Instance-Adaptive Hypothesis Tests with Heterogeneous Agents

TL;DR

This paper introduces a method for designing adaptive hypothesis tests for heterogeneous strategic agents, enabling near-oracle performance by eliciting private information through tailored menus of statistical contracts.

Contribution

It develops a framework for constructing instance-adaptive separating menus that match oracle performance without prior knowledge of agent types, linking statistical decision theory with mechanism design.

Findings

Separation menus can elicit private information cost-effectively.

Matching oracle performance is achievable without prior type knowledge.

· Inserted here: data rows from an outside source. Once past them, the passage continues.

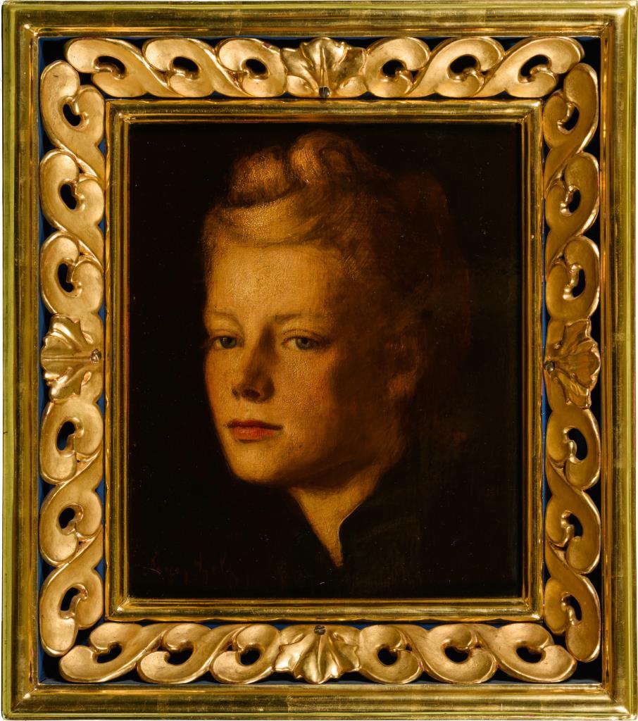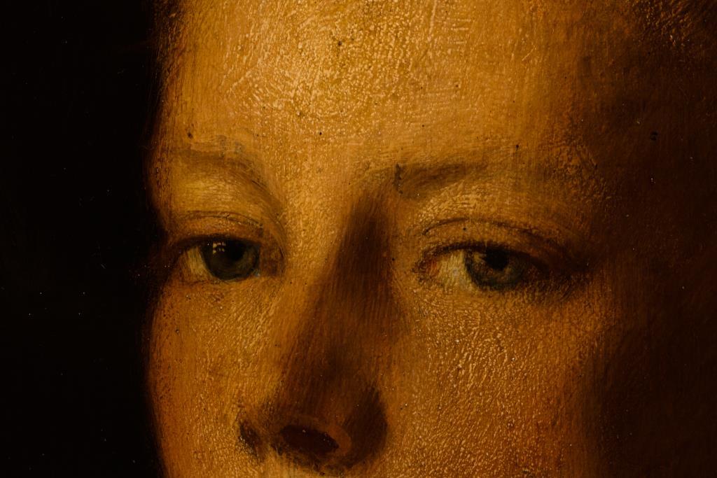 Bildnis einer jungen Frau vor dunklem Hintergrund.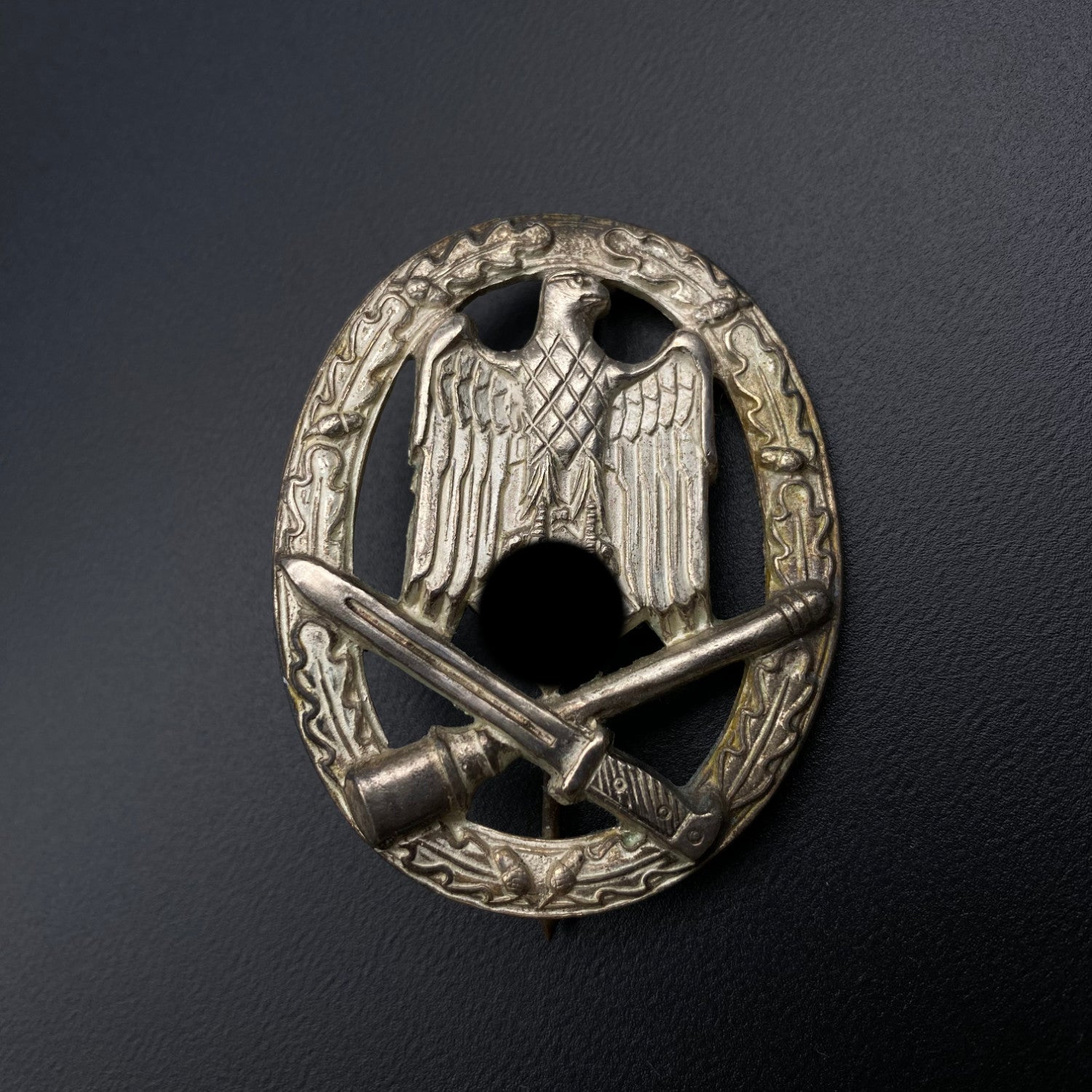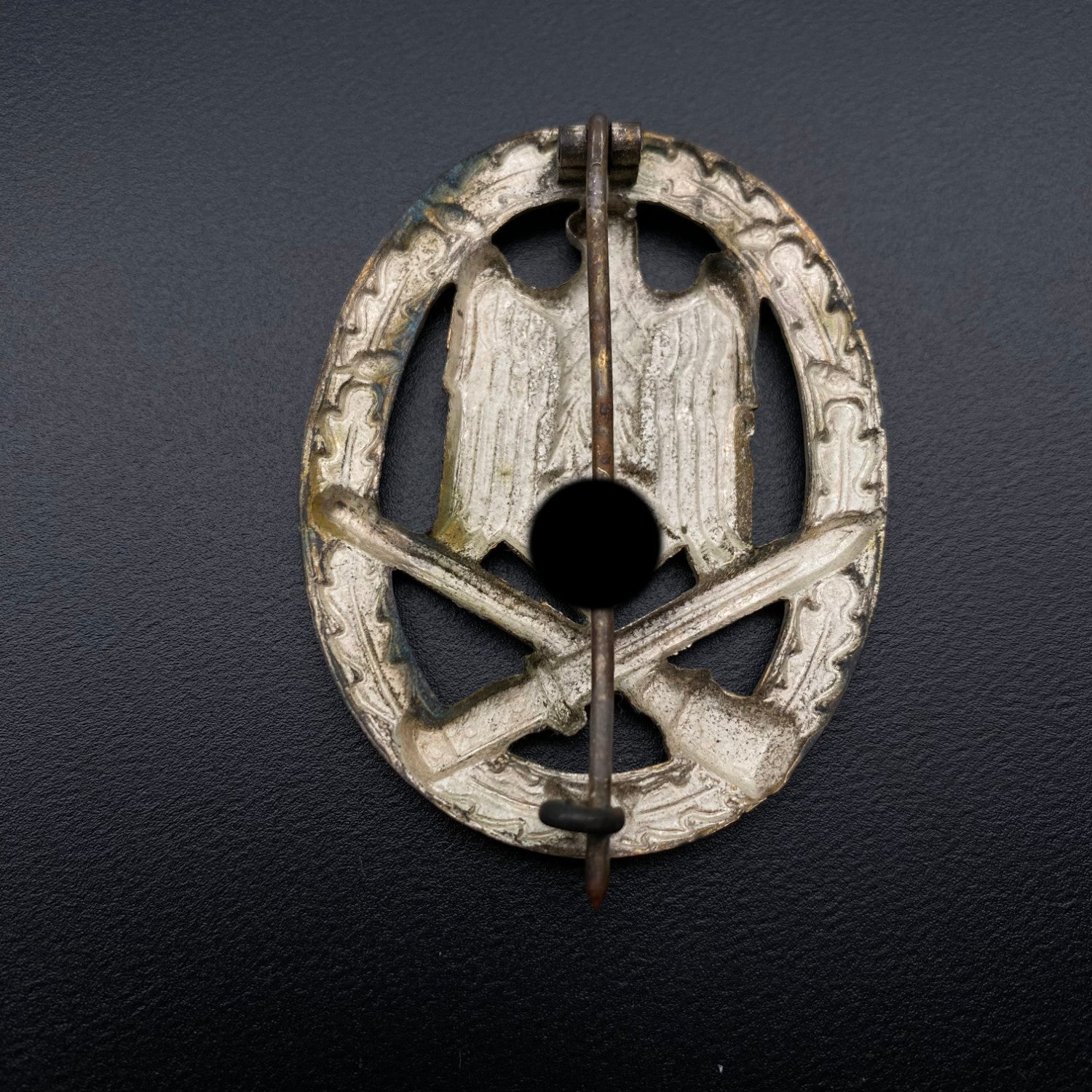 Very rare and desirable early General Assault Badge made by Hymmen, Lüdenscheid. Frosty silver finish, perfect condition. Early tombak made specimen. Very rare piece!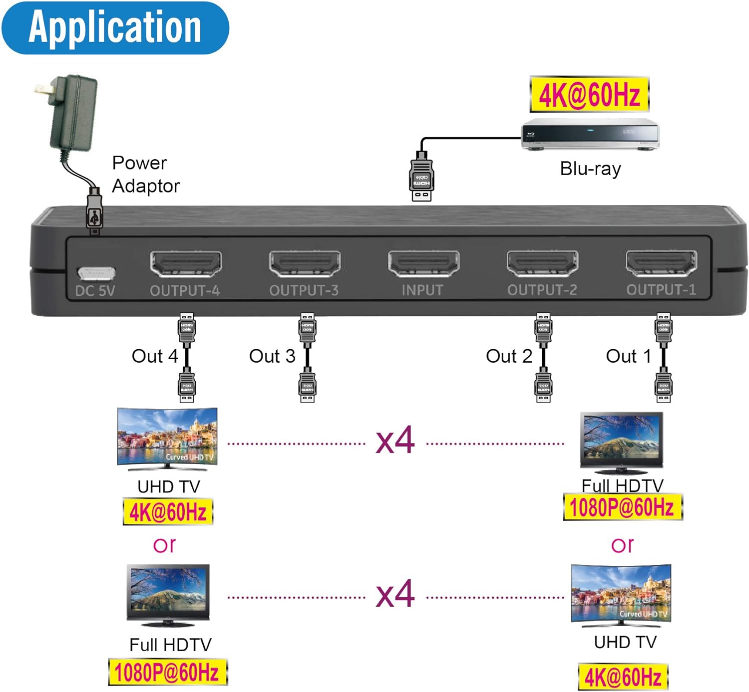 Includes: 1 x UHD-PRO104 2. 0 Splitter, 1 x DC 5V Power Adapter (100-240V, US
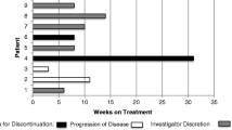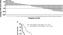 Enrolled in the study were 40 patients and 184 courses of VX-710 plus M/P were administered. Intensive pharmacokinetics, which were performed on six patients who received one cycle of M/P alone, followed by VX-710 plus M/P for all other cycles, showed that VX-710 did not alter mitoxantrone clearance. VX-710 blood concentration at the time of mitoxantrone administration averaged 4.52 μg/ml. VX-710 plus M/P was well tolerated. Transient nausea/vomiting and mild neutropenia were the principal treatment toxicities. Five patients experienced an uncomplicated febrile neutropenic episode (12%), three had severe nausea/vomiting, and two experienced transient moderate to severe ataxia. Of the 40 patients, 12 (30%, 95% confidence interval 16–44%) had a reduction in PSA of ≥50% and 9 of the 12 patients (23% overall, 95% CI 10–35%) achieved a reduction in PSA of ≥80% that was sustained for the duration of treatment with M/P plus VX-710. The median time to PSA progression was 41 weeks (95% CI 34–68 weeks). Of the 40 patients, 15 completed treatment with stable disease and 13 had progressive disease with increasing serum PSA during study treatment. Median survival was 48 weeks for the intent-to-treat population of 40 patients.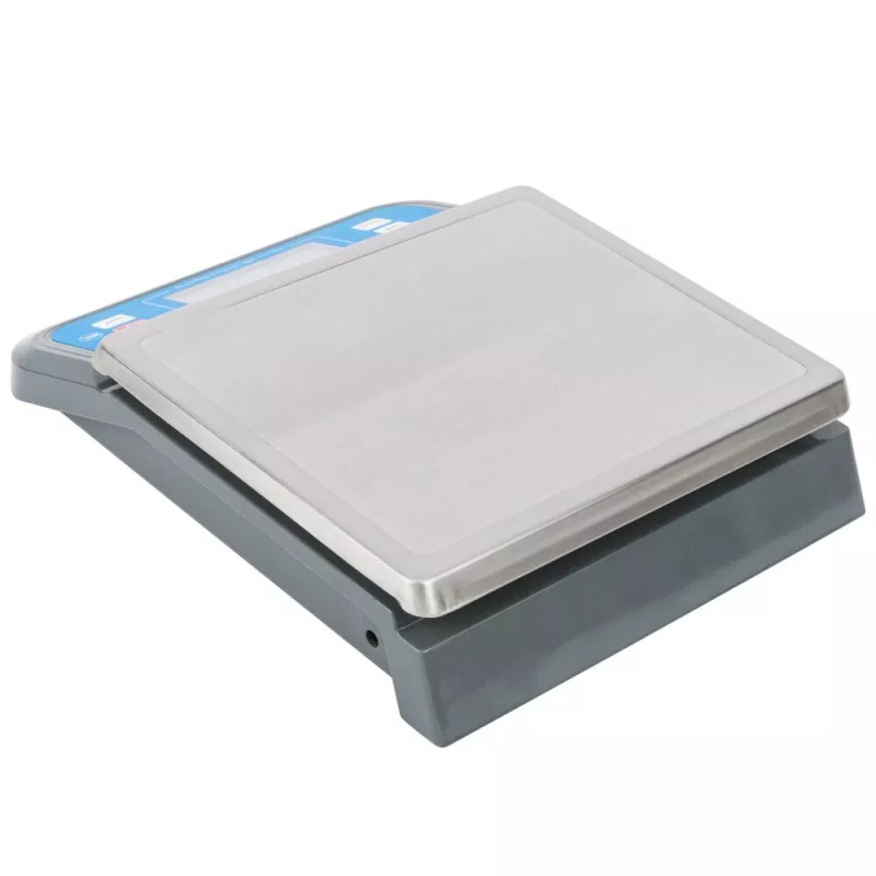 This AvaWeigh scale includes a stainless steel 8 3/5" x 7 1/2" weighing

Numerical examples demonstrate improved error trade-offs.

Abstract

We study hypothesis testing over a heterogeneous population of strategic agents with private information. Any single test applied uniformly across the population yields statistical error that is sub-optimal relative to the performance of an oracle given access to the private information. We show how it is possible to design menus of statistical contracts that pair type-optimal tests with payoff structures, inducing agents to self-select according to their private information. This separating menu elicits agent types and enables the principal to match the oracle performance even without a priori knowledge of the agent type. Our main result fully characterizes the collection of all separating menus that are instance-adaptive, matching oracle performance for an arbitrary population of heterogeneous agents. We identify designs where information elicitation is essentially costless, requiring negligible additional expense relative to a single-test benchmark, while improving statistical performance. Our work establishes a connection between proper scoring rules and menu design, showing how the structure of the hypothesis test constrains the elicitable information. Numerical examples illustrate the geometry of separating menus and the improvements they deliver in error trade-offs. Overall, our results connect statistical decision theory with mechanism design, demonstrating how heterogeneity and strategic participation can be harnessed to improve efficiency in hypothesis testing.